▸ EXERCISE DIRECTIONS
Your response should consist of the entire listing, transcribed exactly, with every image left out.

GIVEN MATERIAL START

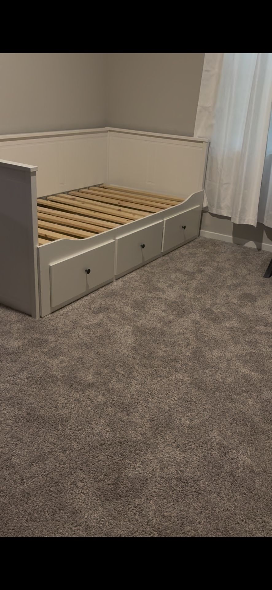 Bed can convert in twin or queen bed. Is in good shape. It has bottom’s door for storage.
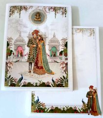 This luxurious Indian wedding invitation card features a regal illustration of a traditionally dressed bride and groom, standing gracefully amidst an opulent palace backdrop. The artwork is richly detailed with architectural domes, floral arches, and ceremonial elephants, evoking a royal and festive ambiance.
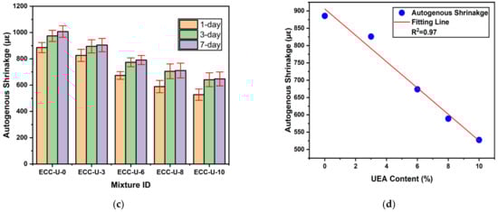 Figure 7a illustrates the impact of UEA on the autogenous shrinkage of HS-ECCs. Autogenous shrinkage measurement started from the FST to exclude the effects of chemical and plastic shrinkages, which have a minimal impact on civil engineering works. The results show a significant reduction in autogenous shrinkage with the increasing UEA content.

GIVEN MATERIAL END

▸ SOLUTION FOR THIS PROBLEM
 Bed can convert in twin or queen bed. Is in good shape. It has bottom’s door for storage.
 This luxurious Indian wedding invitation card features a regal illustration of a traditionally dressed bride and groom, standing gracefully amidst an opulent palace backdrop. The artwork is richly detailed with architectural domes, floral arches, and ceremonial elephants, evoking a royal and festive ambiance.
 Figure 7a illustrates the impact of UEA on the autogenous shrinkage of HS-ECCs. Autogenous shrinkage measurement started from the FST to exclude the effects of chemical and plastic shrinkages, which have a minimal impact on civil engineering works. The results show a significant reduction in autogenous shrinkage with the increasing UEA content.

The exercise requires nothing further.